Bay Leaf (Tejpatta)
Fresh or dried bay leaves are used in cooking for their distinctive flavor and fragrance. The leaves should be removed from the cooked food before eating. The leaves are often used to flavor soups, stews, braises and pâtés in Mediterranean cuisine and beans in Brazilian cuisine. The fresh leaves are very mild and do not develop their full flavor until several weeks after picking and drying.
The leaves contain about 1.3% essential oils (ol. lauri folii), consisting of 45% eucalyptol, 12% other terpenes, 8-12% terpinyl acetate, 3–4% sesquiterpenes, 3% methyleugenol, and other α- and β-pinenes, phellandrene, linalool, geraniol, and terpineol, contains lauric acid also.
Taste and aroma
If eaten whole, bay leaves (Laurus nobilis) are pungent and have a sharp, bitter taste. As with many spices and flavorings, the fragrance of the bay leaf is more noticeable than its taste. When dried, the fragrance is herbal, slightly floral, and somewhat similar to oregano and thyme. Myrcene, which is a component of many essential oils used in perfumery, can be extracted from the bay leaf. They also contain the essential oil eugenol.

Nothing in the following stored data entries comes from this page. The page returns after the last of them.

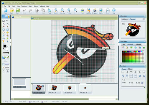 Программа для создания и редактирования иконок. Утилита позволяет импортировать и экспортировать иконки, содержит значительное число художественных инструментов для создания и редактирования иконок стандартных и специальных размеров. Можно создавать значки любых размеров, с глубиной цвета вплоть до 32-bit True Color, создавать полупрозрачные иконки, экспортировать картинки в Photoshop, редактировать анимационные GIF файлы.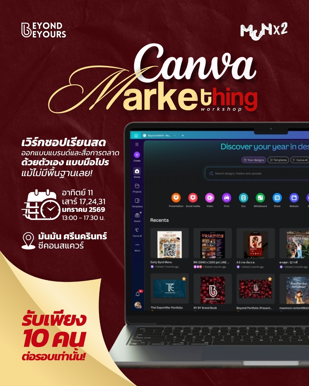 “คลาส Canva Markething เป็นการเรียนรู้ตั้งแต่ ปูพื้นฐาน Canva พร้อมเทคนิคการใช้เครื่องมือต่าง ๆ แบบเข้าใจง่าย มาพัฒนาสื่อของผู้ที่เรียนในคลาส ไม่ว่าจะเป็นไอเดียปารพัฒนางานสร้างสรรค์ ไม่ว่าจะเป็นการสร้าง Brandkit (โลโก้, สี, ฟอนต์, Mood & Tone) การออกแบบสื่อออนไลน์เพื่อโปรโมทสินค้าและบริการ รวมถึงการพัฒนาดีไซน์ ในชิ้นงานใหม่ๆ ในคลาสนี้ถือว่าตอบโจทย์ความคุ้มค่าให้กับนักนวัตกรรมสื่อ และคอนเท้นต์ ครีเอเตอร์ ที่อยากได้ไอเดียใหม่ๆ มาสร้างมูลค่าในสายอาชีพมากขึ้น ทั้งนี้ทาง BeYound BeYours ต้องขอขอบคุณ พี่แจว Joy Luck club คลับค้นสุข และพี่กบ G Intelligent ที่ชวนมาเปิดคลาสนี้ให้กับสื่อยุคใหม่ที่สนใจคลาส Canva Markething ณ ที่นี้ด้วย และสำหรับใครที่สนใจและสอบถามรายละเอียด ‘Canva Markething Workshop’ By Beyond Beyours สามารถเข้าไปติดตามข้อมูลทาง https://beyondbeyours.my.canva.site/website/canva-markething-workshop ค่ะ”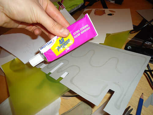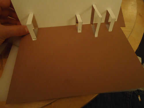 Compruebe que la tarjeta se desliza fácilmente sobre la tarjeta base, permitiendo que los stands para moverse libremente. Cuando es el caso, pegamento en su lugar. Tenga cuidado de pegar los dos colores a los lados derecho, por lo que los soportes estén alineados correctamente.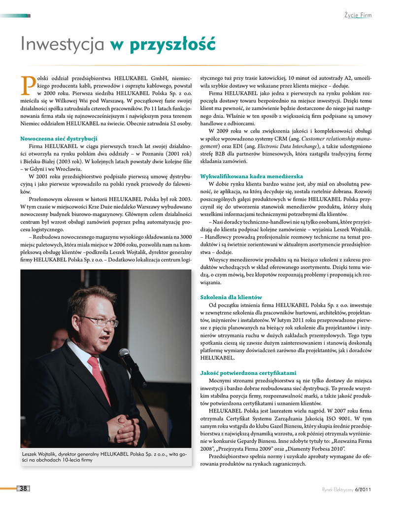 Życie Firm Inwestycja w przyszłość P olski oddział przedsiębiorstwa HELUKABEL GmbH, niemieckiego producenta kabli, przewodów i osprzętu kablowego, powstał w 2000 roku. Pierwsza siedziba HELUKABEL Polska Sp. z o.o. mieściła się w Wilkowej Wsi pod Warszawą. W początkowej fazie swojej działalności spółka zatrudniała czterech pracowników. Po 11 latach funkcjonowania firma stała się najnowocześniejszym i największym poza terenem Niemiec oddziałem HELUKABEL na świecie. Obecnie zatrudnia 52 osoby. Nowoczesna sieć dystrybucji Firma HELUKABEL w ciągu pierwszych trzech lat swojej działalności otworzyła na rynku polskim dwa oddziały – w Poznaniu (2001 rok) i Bielsku-Białej (2003 rok). W kolejnych latach powstały dwie kolejne filie – w Gdyni i we Wrocławiu. W 2001 roku przedsiębiorstwo podpisało pierwszą umowę dystrybucyjną i jako pierwsze wprowadziło na polski rynek przewody do falowników. Przełomowym okresem w historii HELUKABEL Polska był rok 2003. W tym czasie w miejscowości Krze Duże niedaleko Warszawy wybudowano nowoczesny budynek biurowo-magazynowy. Głównym celem działalności centrum był wzrost obsługi zamówień poprzez pełną automatyzację procesu logistycznego. – Rozbudowa nowoczesnego magazynu wysokiego składowania na 3000 miejsc paletowych, która miała miejsce w 2006 roku, pozwoliła nam na kompleksową obsługę klientów –podkreśla Leszek Wojtalik, dyrektor generalny firmy HELUKABEL Polska Sp. z o.o. – Dodatkowo lokalizacja centrum logi- stycznego tuż przy trasie katowickiej, 10 minut od autostrady A2, umożliwiła szybkie dostawy we wskazane przez klienta miejsce – dodaje. Firma HELUKABEL jako jedna z pierwszych na rynku polskim rozpoczęła dostawy towaru bezpośrednio na miejsce inwestycji. Dzięki temu klient ma pewność, że zamówienie będzie dostarczone do niego już następnego dnia. Właśnie w ten sposób z większością firm podpisane są umowy handlowe z odbiorcami. W 2009 roku w celu zwiększenia jakości i kompleksowości obsługi w spółce wprowadzono systemy CRM (ang. Customer relationship management) oraz EDI (ang. Electronic Data Interchange), a także udostępniono strefę B2B dla partnerów biznesowych, która zastąpiła tradycyjną formę składania zamówień. Wykwalifikowana kadra menedżerska W dobie rynku klienta bardzo ważne jest, aby miał on absolutną pewność, że aplikacja, na którą decyduje się, została rzetelnie dobrana. Rozwój poszczególnych gałęzi produktowych w firmie HELUKABEL Polska przyczynił się do utworzenia stanowisk menedżerów produktu, którzy służą wszelkimi informacjami technicznymi potrzebnymi dla klientów. – Nasi doradcy techniczno-handlowi nie są tylko osobami, które przyjeżdżają do klienta podpisać kolejne zamówienie – wyjaśnia Leszek Wojtalik. – Handlowcy prowadzą profesjonalnie rozmowy techniczne na temat produktów i są świetnie zorientowani w aktualnym asortymencie przedsiębiorstwa – dodaje. Wszyscy menedżerowie produktu są na bieżąco szkoleni z zakresu produktów wchodzących w skład oferowanego asortymentu. Dzięki temu wiedzą, o czym mówią, bez kłopotów rozpoznają problemy i proponują ich rozwiązania. Szkolenia dla klientów Od początku istnienia firma HELUKABEL Polska Sp. z o.o. inwestuje w zewnętrzne szkolenia dla pracowników hurtowni, architektów, projektantów, inżynierów i instalatorów. W lutym 2011 roku przeprowadzono pierwsze z pięciu planowanych na bieżący rok szkolenie dla projektantów i inżynierów utrzymania ruchu w dużych zakładach przemysłowych. Tego typu spotkania cieszą się zawsze dużym zainteresowaniem i stanowią doskonałą platformę wymiany doświadczeń zarówno dla projektantów, jak i doradców HELUKABEL. Leszek Wojtalik, dyrektor generalny HELUKABEL Polska Sp. z o.o., wita gości na obchodach 10-lecia firmy 38 Jakość potwierdzona certyfikatami Mocnymi stronami przedsiębiorstwa są nie tylko dostawy do miejsca inwestycji i bardzo dobrze rozbudowana sieć dystrybucji. To przede wszystkim stabilna pozycja firmy, rozpoznawalność marki, a także jakość produktów potwierdzona certyfikatami i uznaniem klientów. HELUKABEL Polska jest laureatem wielu nagród. W 2007 roku firma otrzymała Certyfikat Systemu Zarządzania Jakością ISO 9001. W tym samym roku wstąpiła do klubu Gazel Biznesu, który skupia średnie przedsiębiorstwa z największą dynamiką wzrostu, a rok później otrzymała wyróżnienie w konkursie Gepardy Biznesu. Inne zdobyte tytuły to: „Rozważna Firma 2008”, „Przejrzysta Firma 2009” oraz „Diamenty Forbesa 2010”. Przedsiębiorstwo spełnia normy i uzyskało aprobaty wymagane do oferowania produktów na rynkach zagranicznych. Rynek Elektryczny 6/2011 HELKABEL a OZE W 2010 roku spółka została członkiem Polskiej Izby Gospodarczej Elektrotechniki. W trakcie walnych zgromadzeń PIGE przedstawiciele HELUKABEL Polska wraz z innymi zrzeszonymi omawiają problemy związane z odnawialnymi źródłami energii. Na spotkaniach poruszana jest problematyka terminów powstania w Polsce odpowiednich przepisów, ustaw i dyrektyw związanych z OZE, a także działań, które mogą podjąć firmy z branży kablowej/elektrotechnicznej, aby przyspieszyć ten proces. Przedsiębiorstwo uczestniczy także w pracach Instytutu Energii Odnawialnej. W firmie matce, czyli HELUKABEL GmbH, zainstalowano już na szeroką skalę systemy fotowoltaiczne. W polskiej filii tego typu projekty to jeszcze odległa przyszłość… oby niezbyt daleka. ww Życie Firm o.eu k m e .b w Oprawy świetlówkowe T8 hermetyczne IP65 OHE • statecznik elektroniczny EVG • obudowa ABS klosz PC (poliwęglan) • uchwyty do szybkiego montażu Działalność dydaktyczna Podczas targów AUTOMATICON 2011 firma HELUKABEL Polska nawiązała z kilkoma warszawskimi szkołami współpracę, która będzie polegała na dostarczaniu próbek przewodów, a także prowadzeniu wykładów z zak

In Indian and Pakistani cuisine, bay laurel leaves are sometimes used in place of Indian bay leaf, although they have a different flavor. They are most often used in rice dishes like biryani and as an ingredient in garam masala. Bay (laurel) leaves are frequently packaged as tejpatta (the Hindi term for Indian bay leaf), creating confusion between the two herbs.
In the Philippines, dried bay laurel leaves are added as a spice in the Filipino dish Adobo.
Bay leaves were used for flavoring by the ancient Greeks. They are a fixture in the cooking of many European cuisines (particularly those of the Mediterranean), as well as in the Americas. They are used in soups, stews, meat, seafood, vegetable dishes, and sauces. The leaves also flavor many classic French dishes. The leaves are most often used whole (sometimes in a bouquet garni) and removed before serving (they can be abrasive in the digestive tract). Thai cuisine employs bay leaf (Thai name bai kra wan) in a few Arab-influenced dishes, notably massaman curry.
Bay leaves can also be crushed or ground before cooking. Crushed bay leaves impart more fragrance than whole leaves, but are more difficult to remove, and thus they are often used in a muslin bag or tea infuser. Ground bay laurel may be substituted for whole leaves, and does not need to be removed, but it is much stronger.
Bay leaves can also be used scattered in a pantry to repel meal moths, flies, cockroaches, mice, and silverfish.
Bay leaves have been used in entomology as the active ingredient in killing jars. The crushed, fresh, young leaves are put into the jar under a layer of paper. The vapors they release kill insects slowly but effectively, and keep the specimens relaxed and easy to mount. The leaves discourage the growth of molds. They are not effective for killing large beetles and similar specimens, but insects that have been killed in a cyanide killing jar can be transferred to a laurel jar to await mounting. It is not clear to what extent the effect is due to cyanide released by the crushed leaves, and to what extent other volatile products are responsible.